Finally, sequence of ERG11 genes (and PDR1 in C. glabrata) and expression level of ERG11 and efflux pump genes in triazole-resistant Candida isolates and sequence of FKS genes in echinocandin-resistant isolates were determined. ERG11 mutations were found in 10 of 14 triazole-resistant C. albicans isolates and 6 of 23 C. tropicalis isolates, the most common substitution is Y132H in C. albicans, and Y132F with S154F in C. tropicalis, similar to Y132F and S154F were the most common substitutions in Erg11p of C. tropicalis and proven to mediate triazole resistance (Jiang et al., 2012; Castanheira et al., 2020). Except for mutations of drug target, overexpression of MDR1 seems as the predominant mechanism of C. tropicalis triazole-resistance in our study. Despite of no ERG11 mutation was detected in triazole-resistant C. glabrata isolates, 5 isolates exhibited ERG11 overexpression, which was considered to be less common in C. glabrata. PDR1 modifications were detected in 5 isolates, with 3 isolates harboring P76S, P143T, D243N and 1 each harboring R250K and Y682C, respectively. The latter two isolates showed high expression level of ABC transporter genes including CDR1, CDR2, and SNQ2, indicating those PDR1 modifications maybe GOF mutations resulting in up-regulation of downstream ABC transporter genes, which need further verification. The entire sequences of FKS1 and FKS2 were determined in 2 echinocandin-resistant C. glabrata isolates and S663P substitutions in FKS2 were detected in both isolates. Notably, there are numerous isolates without modifications in well-known drug targets or up-regulation of transporter genes, the resistant mechanisms remain to be elucidated.

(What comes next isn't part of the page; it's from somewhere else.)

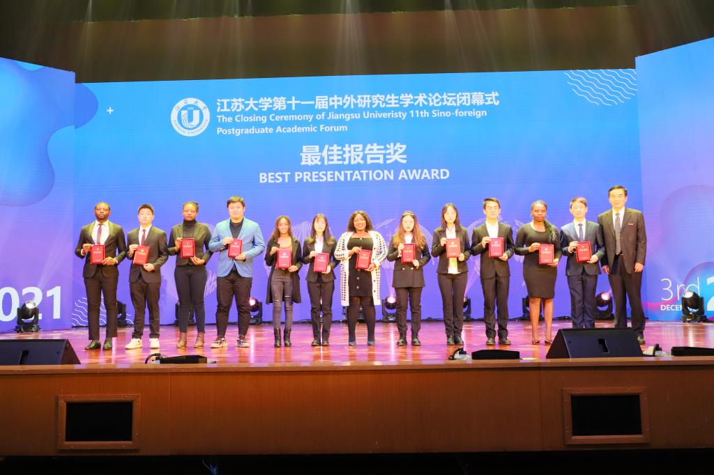 On December 3, the closing ceremony of the 11th Sino Forum for Chinese and Foreign Postgraduates of Jiangsu University was held in the small auditorium, which was attended by President Yan Xiaohong, Vice President Full Power, leaders and relevant persons in charge of the Propaganda Department of the Party Committee, Graduate School, Graduate Work Department, Youth League Committee, School of Overseas Education and all postgraduate training units, and representatives of online and offline Chinese and foreign postgraduates, totaling more than 400 people.

There are some limitations in our study. First, this paper concluded the first-year data of the CARST-fungi study, which encompass only nine hospitals cannot reveal the dynamic change year by year. The study will continue and more centers will join in to enhance the comprehension of epidemiology and antifungal susceptibilities in pathogenic yeasts across China. Second, the information of the patients is incomplete including mycoses, antibiotics used, basal conditions and other more detailed clinical characteristics. These data need to be included in future study. Nevertheless, this study provides important epidemiological findings of species distribution, antifungal susceptibility profile, and preliminary resistant mechanism exploration, which are instrumental in designing strategies for better management of yeast infections in China.
In conclusion, the CARST-fungi study demonstrated that although C. albicans remain the most predominant species, non-C. albicans species accounted for a high proportion, especially as the causative pathogen of fungemia. Triazole-resistance is notable among C. tropicalis and C. glabrata and multidrug-resistant isolates of C. glabrata and less common yeast have been emerging.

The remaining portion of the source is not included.